You will have been warned. In fact, the minute other parents found out you were expecting, they will have relished in telling you just how little sleep you are in for. But nothing can prepare you for the reality of the sheer, unrelenting demands of a newborn.

If you are a new parent, you are likely reading this through bleary eyes. Hell, you’ve probably already nodded off a couple times just trying to read this article. Parenting is tough for all sorts of reasons but the most tangible and difficult to contend with must surely be the sleep deprivation.

Newborn babies can sleep twenty hours or more a day, so in theory there should be plenty of time for mum and dad to catch some zzz’s of their own. But newborns are also born with tiny tummies (think about the size of a marble), which means they wake up regularly to feed, usually every two or three hours. Which of course means new parents have to keep this schedule too, particularly breastfeeding mums.

The science of sleep

Sleep does not involve eight blissful hours of unconsciousness. There are in fact, two types of sleep: rapid eye movement (REM) or dream sleep, and non-REM sleep. The latter is itself broken up in to four stages. Stage one is that drowsy state when your body begins to relax and wind down. In stage two, the ‘falling asleep’ stage, brain waves slow down and your body and eye movements stop. Stages three and four are deep sleep, when you’re breathing is regular and you show no response to what is going on around you. Deep sleep is the most restorative stage of sleep.

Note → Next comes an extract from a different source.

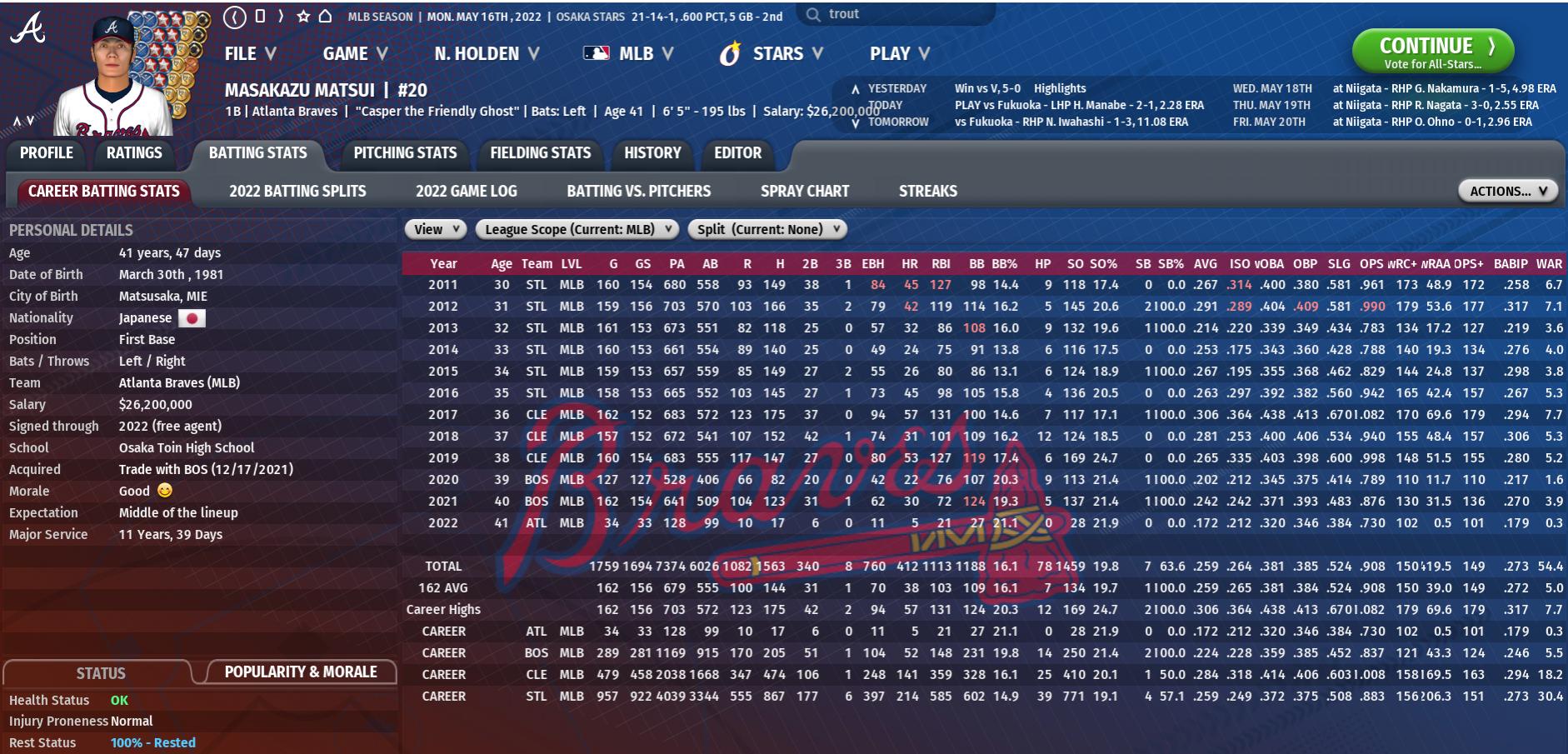 Osaka is definitely in trouble, 4.5M in the red for budget, havent had a 500 season since 2013. Took me a while but I found the current best player in JPBO. Over 10 WAR last season. Hisanori Oba, with insane contact and power ability. Plus Plus defense at 2B. I also added two independent leagues for Japan, I feel it serves as a good development ground for prospects that aren't drafted. Last edited by uknownick; 02-03-2023 at 06:00 PM. |
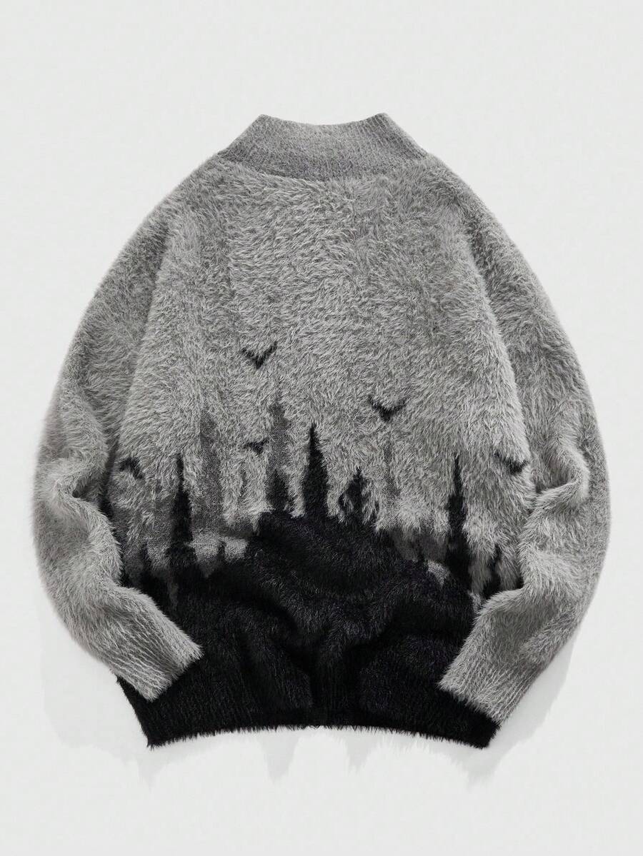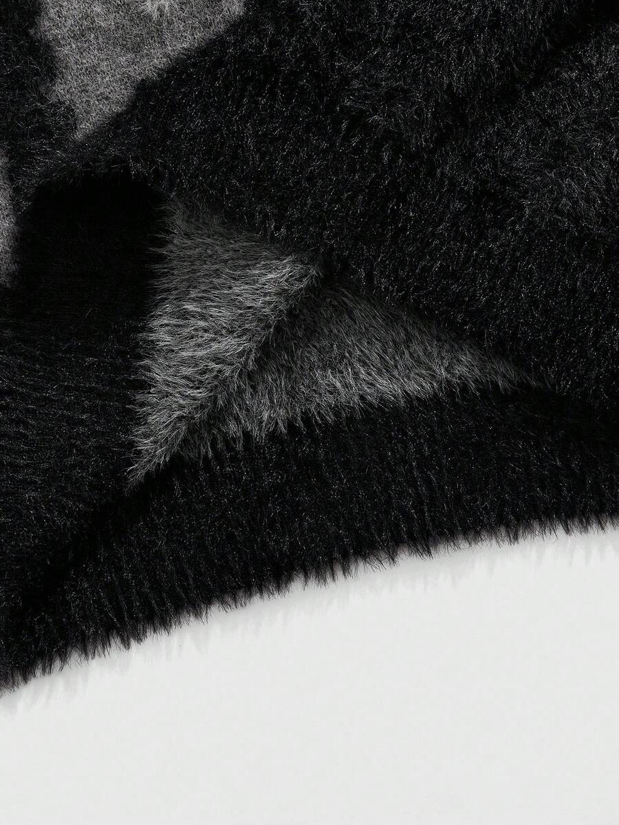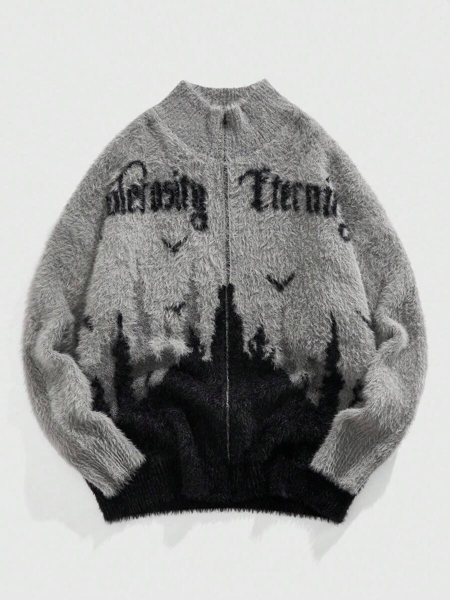 Street Life كارديجان طويل الأكمام بياقة عالية مصنوع من الجاكار، خريف/شتاء

It usually takes about 90 minutes for your body to go through these four stages, after which brain waves speed up and REM sleep commences bringing with it your dreams. Your body will go through this entire cycle four to six times a night, with the REM period gradually getting longer and longer until you wake up fresh as a daisy in the morning.

Fragmentation grenade

If you are trying to squeeze in sleep between two hour feeds, your body is not cycling through the stages properly and it is this fragmented sleep, rather than the total number of hours of sleep, which is so damaging and disorienting. Throw in the anxiety (and yes, the excitement) of looking after a newborn, and it is easy to understand why new parents are staggering around with a wild and jittery look after a few weeks.

Will it ever end?

Well, to answer the original question, yes, you will sleep again. Between two and three months old, babies begin to wake less between feeds. By four to six months, most babies will get enough calories during the day to sustain them through five or six hours of sleep at night. When it happens (and it will), this five or six hours will feel like the most glorious sleep in of your life. A couple of nights of these on the trot and you will most definitely begin to feel human again.

How to cope in the meantime?

If you have a newborn now, four months will sound like a long, long time away. You will get through it. The best advice in the meantime is to abandon housework, sleep when your baby sleeps (as much as possible) and say yes to help.